Assise dans son lit à barreaux, Amy*, âgée de 8 ans, s'impatiente. Elle donne des coups et crie à la manière d'un bébé. «On arrive, ma chérie», lance Sylvie Deslauriers, infirmière auxiliaire, du couloir. Amy a le spina-bifida, elle est sous dialyse plus de 10 heures par jour. Elle a aussi une déficience intellectuelle. À l'aide d'un stagiaire, Sylvie la transfère dans son fauteuil roulant. Les coups de pied fusent. «Elle a un petit caractère, elle manipule facilement sa deuxième mère, hein ma cocotte?», dit-elle. Elle installe son cathéter pour son premier médicament de la journée, avant le gavage. «Je dois me placer derrière elle, sinon elle tire sur les fils.»

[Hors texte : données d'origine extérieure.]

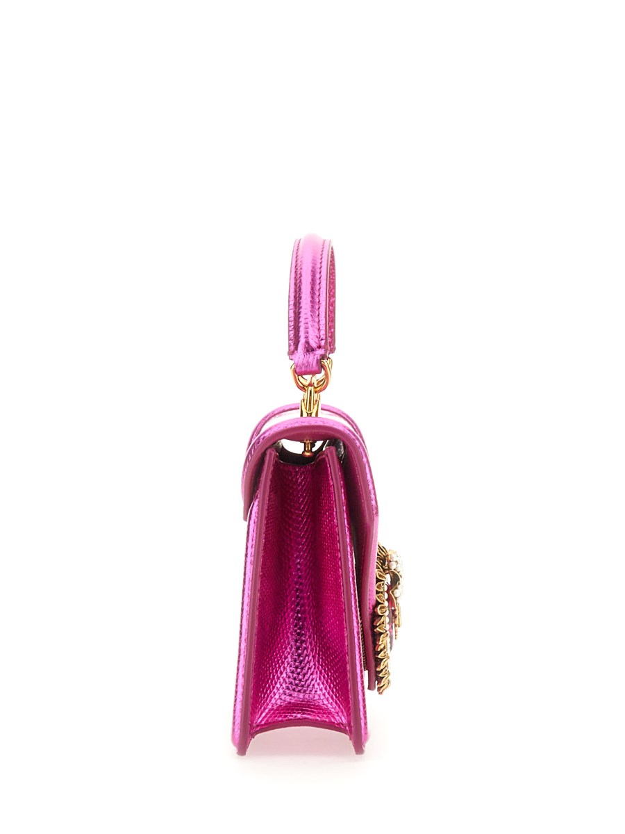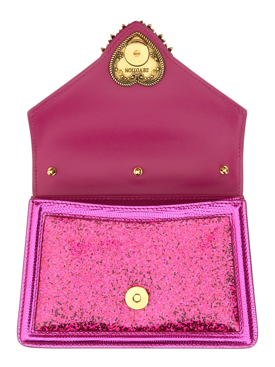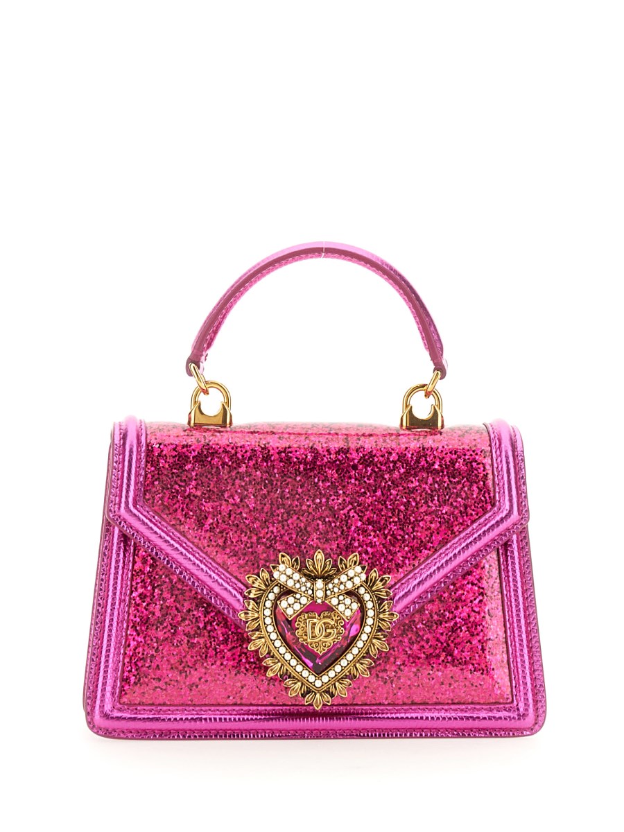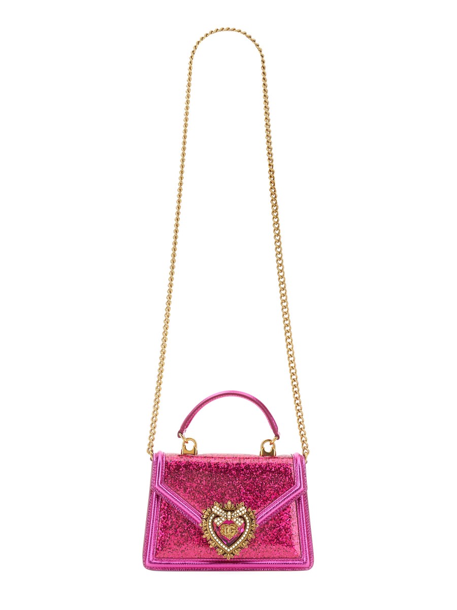 La borsa piccola con manico superiore della linea Devotion presenta nuovi dettagli. Impreziosita da glitter ricoperti da un pannello trasparente, presenta l'esclusiva chiusura a cuore ingioiellata e una tracolla ispirata alle tecniche dell'alta gioielleria.

La routine matinale, au-delà d'une enfilade de gestes machinaux, est un moment privilégié. «On chouchoute ces enfants comme s'ils étaient les nôtres, confie Stéphane Genest, préposé aux bénéficiaires depuis 24 ans. On ne voit même plus leurs handicaps. Certains stagiaires arrivent ici et ils virent de bord en larmes. Il faut aimer ça.»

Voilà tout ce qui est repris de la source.